By Margie
Davis '94M.A.
It had been a year of losses.
Deaths, divorce, disease, you name it. Just when I thought I
had nothing left to lose, came a letter from the city informing
me that it was purchasing my home to make room for a parking lot.
I tried to look at it philosophically. The unexpected windfall
would pay my tuition to nursing school. Still, it meant leaving
my home of 15 years.
The loss was especially devastating since over time I had transformed
a bare backyard into a tangle of gardens: herb, flower, vegetable
and even what I called my orchard, two heirloom apple trees. Those
I expected to be the most sympathetic, my fellow church members,
reacted to my complaints with testy impatience: "You got paid,
right?"
I found a house, a red cottage on two big lots. Plenty of room
for four dogs and three cats and gardening. Plenty of room to
expand the orchard.
While I was delivering boxes to the cottage, someone made off
with my apple trees. Someone dug up the tulip and daffodil beds,
taking every bulb.
Plans for a new garden were buried. I went to school, to the
hospital, and home. I stopped praying. Why bother? Nearly everything
I valued had been dug out of my life.
In the spring I began my psychiatric rotation. Students couldn't
do much for these patients, we were told. Just try to get them
to talk, get them to do the work they were here to do.
The patient assigned to me was a small, sad-eyed woman who frequently
sighed deeply. I didn't feel any more cheerful than she did; we
must have looked quite a pair.
As we spoke, a few facts emerged. Married only two years, she
was the ugly duckling in a family of high-flying swans. Her stepchildren
made fun of her, the mother-in-law criticized her, and her husband
urged her to make something of herself. The family, she said,
complained at the amount of time she spent in her gardens.
Gardens?
She had five.
She'd cleared the plots herself, connecting the gardens with
a series of stone pathways. Some of the stones she'd collected
from the surface of the land, others she'd dug up in the process
of preparing the plots for planting.
The gardening gave her plenty of time to think about her worthlessness.
"I know the problem is in me," she said but feared what she might
find if she looked too deeply. She put her hands over her chest.

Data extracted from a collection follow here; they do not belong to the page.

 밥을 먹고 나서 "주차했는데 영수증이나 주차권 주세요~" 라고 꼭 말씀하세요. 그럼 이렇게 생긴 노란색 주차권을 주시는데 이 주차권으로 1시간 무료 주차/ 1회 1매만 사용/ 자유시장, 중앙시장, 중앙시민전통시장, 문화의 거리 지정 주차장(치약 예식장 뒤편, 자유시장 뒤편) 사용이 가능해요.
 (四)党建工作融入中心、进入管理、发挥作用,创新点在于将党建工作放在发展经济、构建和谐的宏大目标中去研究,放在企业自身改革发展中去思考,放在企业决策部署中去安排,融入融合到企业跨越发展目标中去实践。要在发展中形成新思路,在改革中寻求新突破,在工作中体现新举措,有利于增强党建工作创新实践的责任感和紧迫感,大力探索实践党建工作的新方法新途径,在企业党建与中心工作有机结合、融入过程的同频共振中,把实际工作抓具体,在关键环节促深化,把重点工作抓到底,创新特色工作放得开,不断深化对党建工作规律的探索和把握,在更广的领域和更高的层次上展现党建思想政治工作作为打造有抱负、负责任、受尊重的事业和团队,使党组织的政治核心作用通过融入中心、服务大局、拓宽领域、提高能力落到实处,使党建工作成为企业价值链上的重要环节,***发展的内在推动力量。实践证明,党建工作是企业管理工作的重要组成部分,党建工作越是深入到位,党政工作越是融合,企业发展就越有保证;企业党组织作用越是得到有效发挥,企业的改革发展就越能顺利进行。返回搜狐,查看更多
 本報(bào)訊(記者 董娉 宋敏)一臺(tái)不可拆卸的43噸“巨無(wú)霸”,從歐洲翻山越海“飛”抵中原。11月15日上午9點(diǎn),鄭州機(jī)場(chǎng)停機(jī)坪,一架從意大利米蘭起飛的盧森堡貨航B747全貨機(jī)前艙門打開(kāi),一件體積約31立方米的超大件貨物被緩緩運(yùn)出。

"There's something heavy laying here, like a rock. And if you
bring up one, then you have to bring up the next one and the next
one. I don't think that's what my family has in mind. They want
me to find something worthwhile to do."
Out of my own unhappy heart, inspiration struck. I held out
a fist, then relaxed it open. "The earth freezes in winter, then
thaws in spring, bringing rocks up to the surface. We dig them
up and haul them away because we can't plant our gardens until
the rocks are out of the way, right? Every year you think you
must have got them all out, but next spring there's a whole new
cartload. It's part of the natural cycle of life, growth, discovery,
death, even."
I told her about a book I used to read my nephew. A frog plants
a garden, then wears himself out trying to get the seeds to come
up. He yells, he sings, he reads to them. Nothing doing. The seeds
will come up, I'd tell my nephew, in seed time. Not too soon,
not too late, but when it's juuuuuuuust right.

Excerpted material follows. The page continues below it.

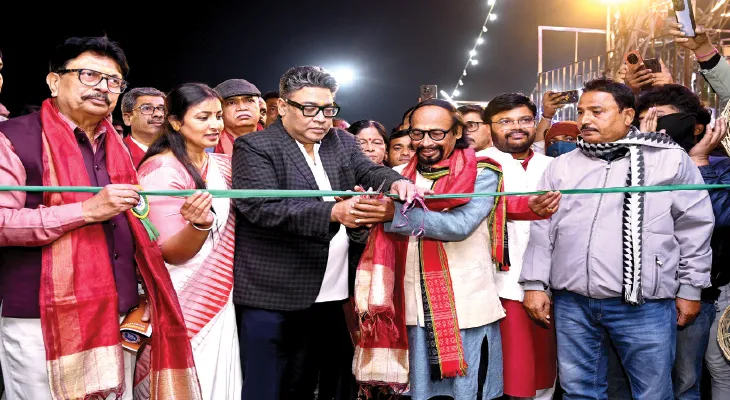 নিজস্ব প্রতিনিধি, বাঁকুড়া: শনিবার চতুর্থ বড়জোড়া উৎসব ও বইমেলার সূচনা হল। এদিন বিকেলে বড়জোড়া উচ্চ বিদ্যালয়ের ফুটবল ময়দানে ওই উৎসব শুরু হয়। উদ্বোধনী অনুষ্ঠানে রাজ্যের দুই মন্ত্রী ইন্দ্রনীল সেন ও অরূপ রায়, বিশিষ্ট সাহিত্যিক নলিনী বেরা, বাঁকুড়া জেলা পরিষদের পূর্ত কর্মাধ্যক্ষ অর্চিতা বিদ সহ অন্যান্যরা উপস্থিত ছিলেন। উৎসব ও বইমেলা কমিটির সভাপতি সুখেন বিদ বলেন, এবার আমাদের উৎসবের থিম ‘বাংলা ও বাঙালি’। বাংলার ঐতিহ্যকে আমরা উৎসবের মাধ্যমে তুলে ধরছি। বঙ্গের মনীষীদেরও নানাভাবে স্মরণ করা হচ্ছে। উৎসব প্রাঙ্গণে মোট ১৫০টি স্টল থাকছে। তারমধ্যে বিভিন্ন প্রকাশনী সংস্থার ৩০টি বুকস্টল রয়েছে।

I thought I'd forgotten that story.
My patient warmed to the idea of self-exploration as gardening.
When we parted she hugged me long and hard. By the time I returned
for my next assignment she had been discharged.
That April day I walked outside with the dogs. It was almost
too late to think about a garden, but once the first stones have
been brought to the surface and hauled away, once a plot has been
cleared, how can you not? There was never a time when I hadn't
had something in the ground. Never a time when I hadn't had something
that marked a place as my own. Never a year when I hadn't lived
in seed time.
Maybe a few herbs, I thought grudgingly. Nothing more, I just
wasn't up to it. I thought of my patient and her five gardens.
Well, now.
Maybe I could do a couple of tomatoes, a pepper or two. Sunflowers
would look nice in that corner. Corn. Cukes along the fence, and
here, along the pavement, a row of strawberries. Maybe, in time,
a couple of apple trees.
My dogs ran around me in big, loopy circles, happy to have me
outside at last. Odd I hadn't noticed before how nice bird feeders
would look here in this pine outside my front room. Funny I hadn't
really noticed the pine before.
From the back of the garage I hauled out my wheelbarrow, my
shovel, my garden gloves. Then I got down to the work I was here
to do.
Margie Davis is a writer living in South Bend.